I just noticed this is thread is a sticky..

how did that happen?


----------



## smoothjk

Vista is fine if you have a good computer.

For me, having XP Pro is a personal choice. I prefer not to waste ANY resources (however small the difference) on the OS that I can direct to apps and games. Until Vista or some other OS offers noticeably improved features that are useful and not just pretty, I'm sticking with XP Pro.

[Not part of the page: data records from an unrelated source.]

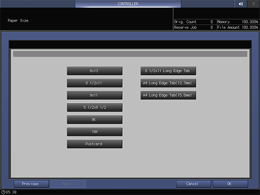 Controlador > [Configuración de impresión directa] > [Configuración básica] > [Tamano del papel]
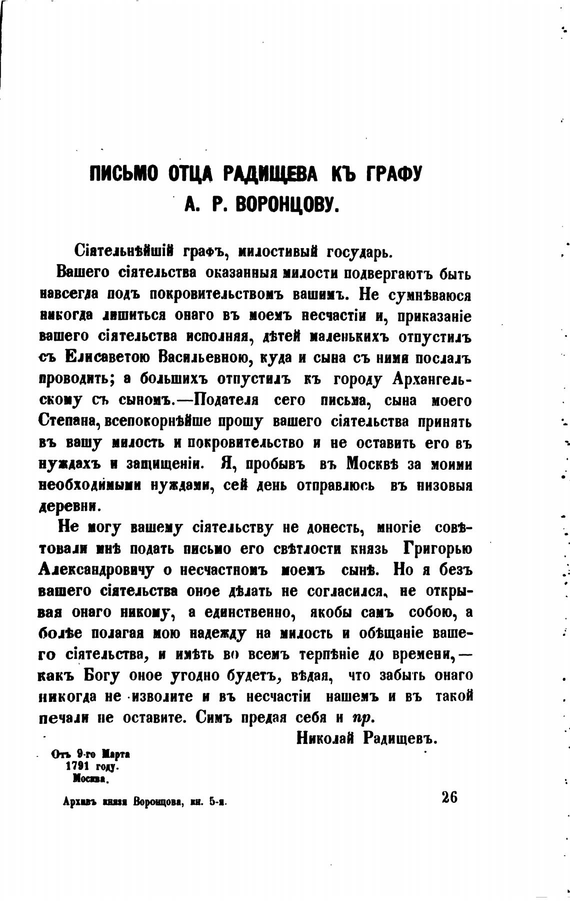 письмо отца РАДИЩВА КЬ ГРАФУ
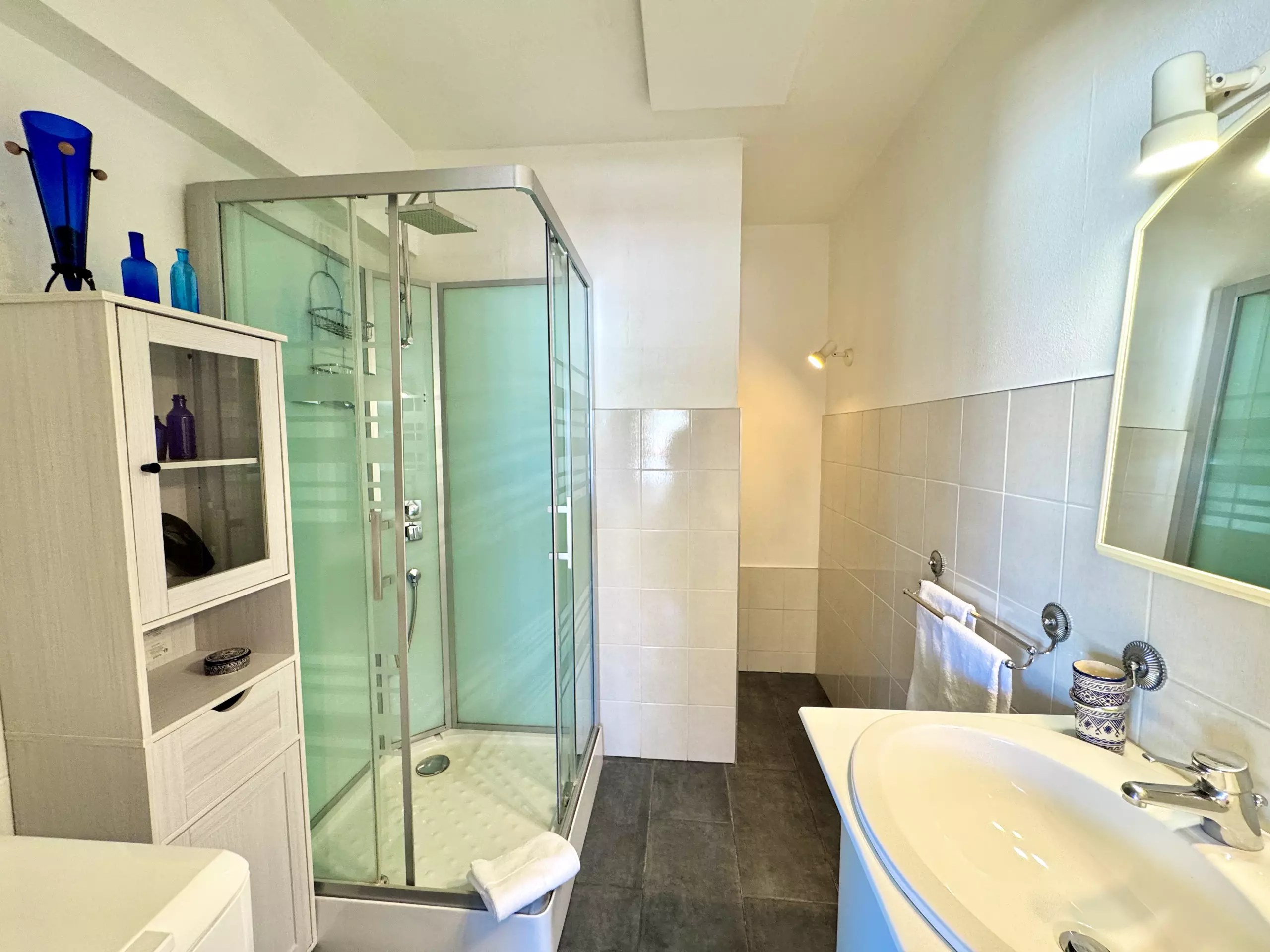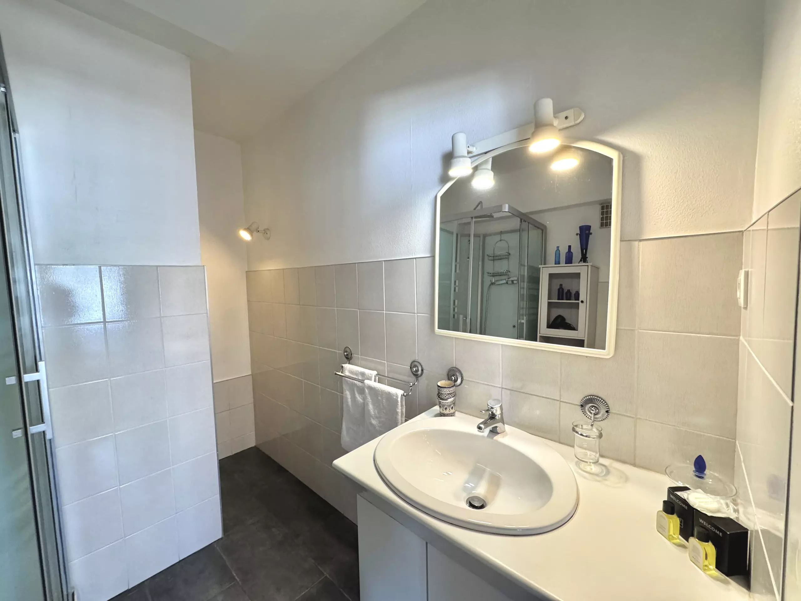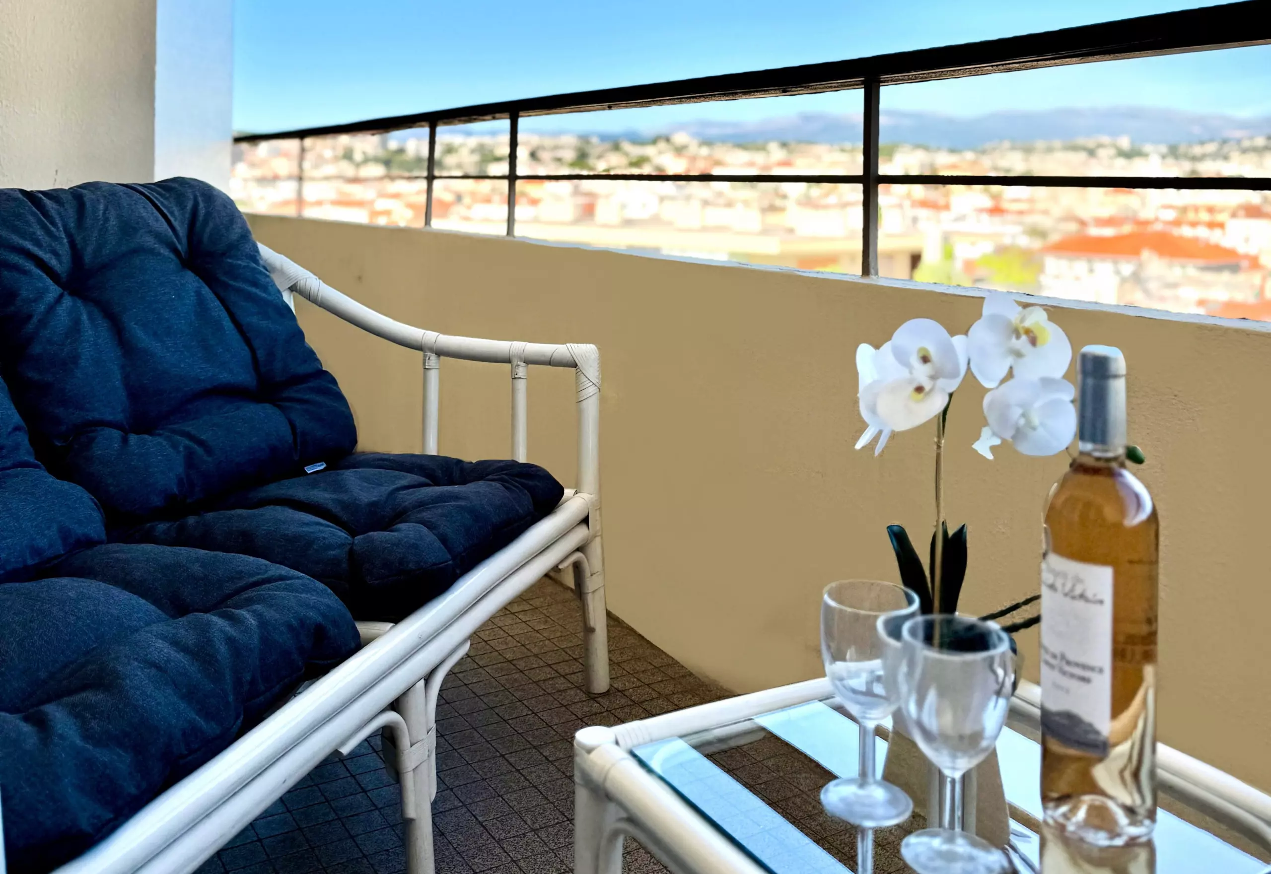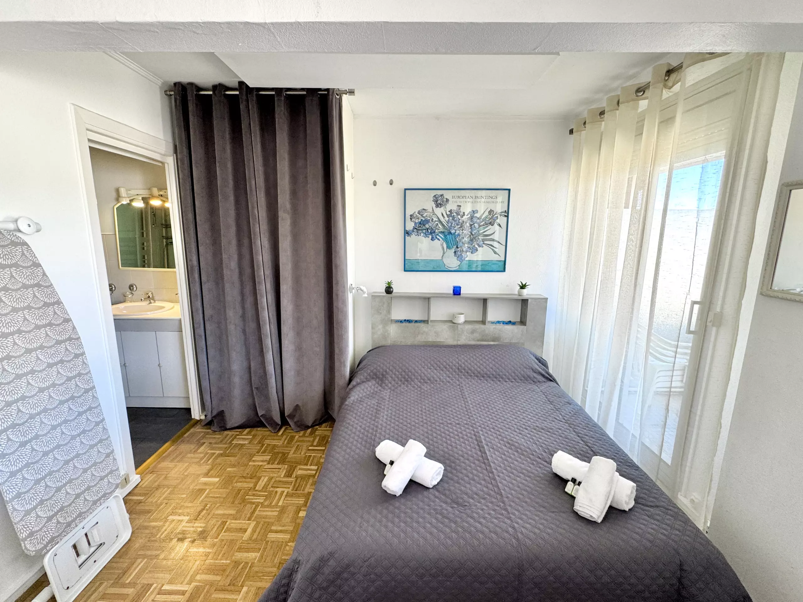 Le séjour se compose d'un lit double 160X200, d' un canapé convertible pour 2 personnes. Le tout ouvrant sur une belle grande terrasse avec vue sur les collines de Cannes.
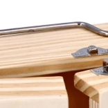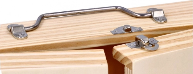 Kvalitní dřevěná skříňka s kovovými přezkami a rukojetí zajišťuje snadné přenášení a bezpečné uložení všech dílů.
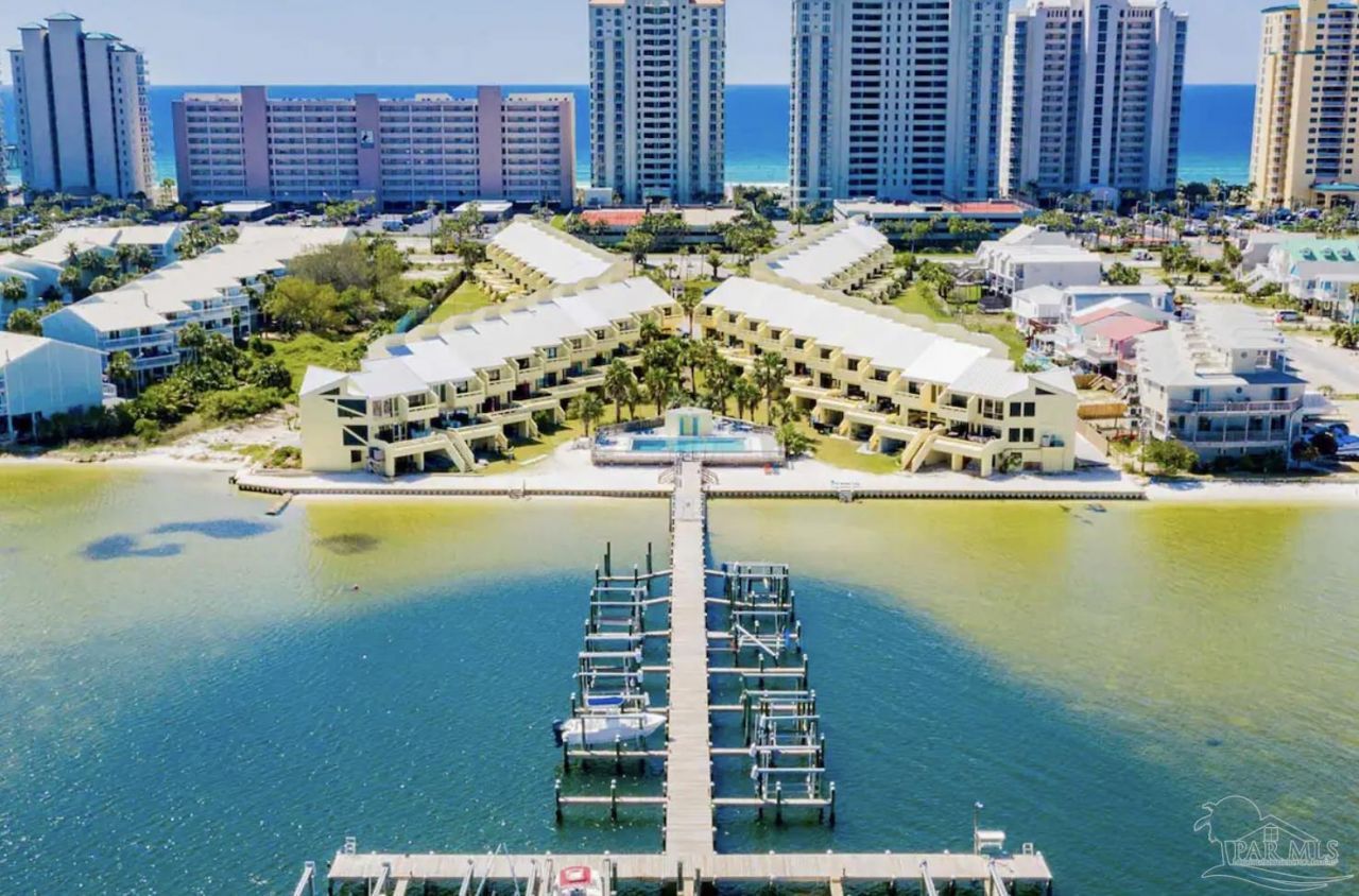 Discover this exceptional 4-bedroom townhome with breathtaking water views, easy beach access, a 22-foot boat slip, and a two-car garage! Situated on Navarre Beach, this unique property boasts over 2,200 square feet of thoughtfully designed living space and a proven rental history. Enjoy a leisurely walk to the pristine beach in under three minutes or take a quick 30-second golf cart ride to one of Florida's most stunning shorelines. Offered fully furnished and move-in ready at closing, this townhome combines comfort and convenience. The main living area features soaring ceilings, providing an open and airy atmosphere. The home includes...read more
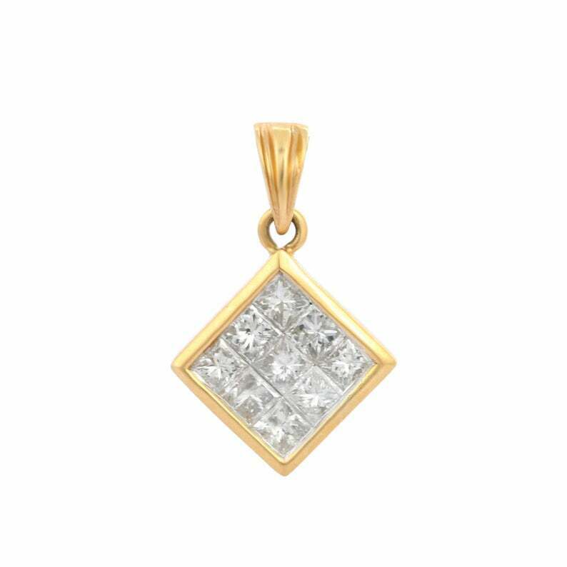 1.75ct Diamond Pendant Princess Cut Tile Design 14k Yellow Gold Finish NO CHAIN
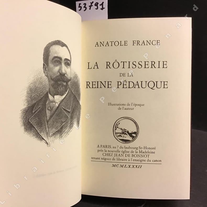 Imposant succès de l'auteur, La Rotisserie de la Reine Pédauque « la plus significative de ses oeuvres» est aussi celle de la maturité. À l'été, 1892, France, qui passe l'été avec sa fille Suzanne à Saint-Thomas, petite village de l'Aisne, termine cet imposant roman de plus de 600 pages. Le 10 août écri-il à un ami que sa reine Pédauque est «arrivé au 496° feuillet [...]. Le romancier a apporté son manuscrit dans sa valise ». En septembre, La Rotisserie est achevée et dès le 6 octobre elle commence à paraître en feuilletons dans L'Échos de Paris. Les origines du plus célèbre des romans de France puise allègrement dans les oeuvres les plus singulières du XVIIIe siècle, époque qui eût toujours sa préférence. Le personnage de l'abbé Coignard, le rôtisseur de la rue Saint-Jacques, maître Léonard et d'autres encore tout aussi savoureux ornent cette oeuvre qui inquiéta son auteur jusqu'à sa première publication. Le 5 octobre 1892, pris d'un doute affreux alors que L'Échos en publie les première pages, il écrit à sa confidente Madame de Caillavet «La Rôtisserie est toute à refaire. Je suis accablé...» Le 22 mars 1893 le texte paraît en volume chez Calmann Lévy. L'on sait la suite et son succès. Peu de titres dans la littérature de la fin du XIXe on connût un tel engouement, y compris bibliophilique. Outre les retirages nombreux et les éditions illustrées, les collectionneurs donnèrent aux plus grands ateliers cette Rotisserie qui fut admirablement et précieusement reliée. L'éditeur fit imprimée 20 japon et 40 hollande sous couverture orange - pour ne donner qu'un exemple citons celui de l'exemplaire du Bourg de Bozas sur japon relié par Meunier, assez dans le goût de l'époque. Il est amusant de noter enfin, que le libraire Conquet, avisé et prudent, à la suite de cet impressionnant succès, souscrivit auprès de l'éditeur à tous les futurs grands papiers des oeuvres de France. Le billet conservé dans cet exemplaire est adressé au poète algérianiste Albert Tustes (1888-1943). Il est l'auteur des Sirénéennes lauréat du grand Prix de l'Algérie en 1927.
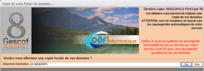 Selon votre version, l'écran de sauvegarde s'affiche. GesCOF sauvegarde votre base de données dans deux destinations :

But I use Vista at work, and I don't see anything to "hate."


----------



## patrickv

I don't hate VIsta, it just does not suit my needs.
My thinkpad supports vista and i installed it, hang onto it for 4 months but i wasn't as efficient as when i had XP loaded on it.
Within those 4 months i didn't see any BSOD which is a plus but the lag, even though i configured it for performance and removed the sidebar and sh*t.
The file copy dialog is full of bullsh*t, takes ages.


----------



## mep916

scooter said:


> I just noticed this is thread is a sticky..
> 
> how did that happen?



We needed a Vista rant thread, so I thought this would be best.


----------



## lovely?

Vista is a good thing. When i wanted to get a new operating system i wanted it to look good as well as function as good or better then XP. And I am pleasantly surprised with vista.


----------



## bomberboysk

Yeah, well one thing i hate about vista is soon its gonna be replaced by windows 7, thats why XP became so popular, it had time to get into the market, now weve had vista for appx 2 years and within the next year or so windows 7 will prolly be released. I dont really like vista or hate it, only reason i have it is for dx10


----------



## uhv2200

OK , I hate Vista because the IPX Protocol is not found , Must Multplayer Games are need this protocol to work correctly , I don't Know Why Microsoft do this It's Perfect windows but this the only issu iI found in it ,  and Bey .....


----------



## caboose1408

My friend has it and I think its slower than Windows XP.


----------



## tlarkin

uhv2200 said:


> OK , I hate Vista because the IPX Protocol is not found , Must Multplayer Games are need this protocol to work correctly , I don't Know Why Microsoft do this It's Perfect windows but this the only issu iI found in it ,  and Bey .....



uh what game?  IPX is an old legacy Novell standard.  Networking now is straight TCP/IP or IP if you will instead of IPX.  What game needs IPX?


----------



## TrainTrackHack

> What game needs IPX?


Well, some legacy ones - Duke Nukem 3D and Doom for one (okay, you can't even play those in vista, but wth...).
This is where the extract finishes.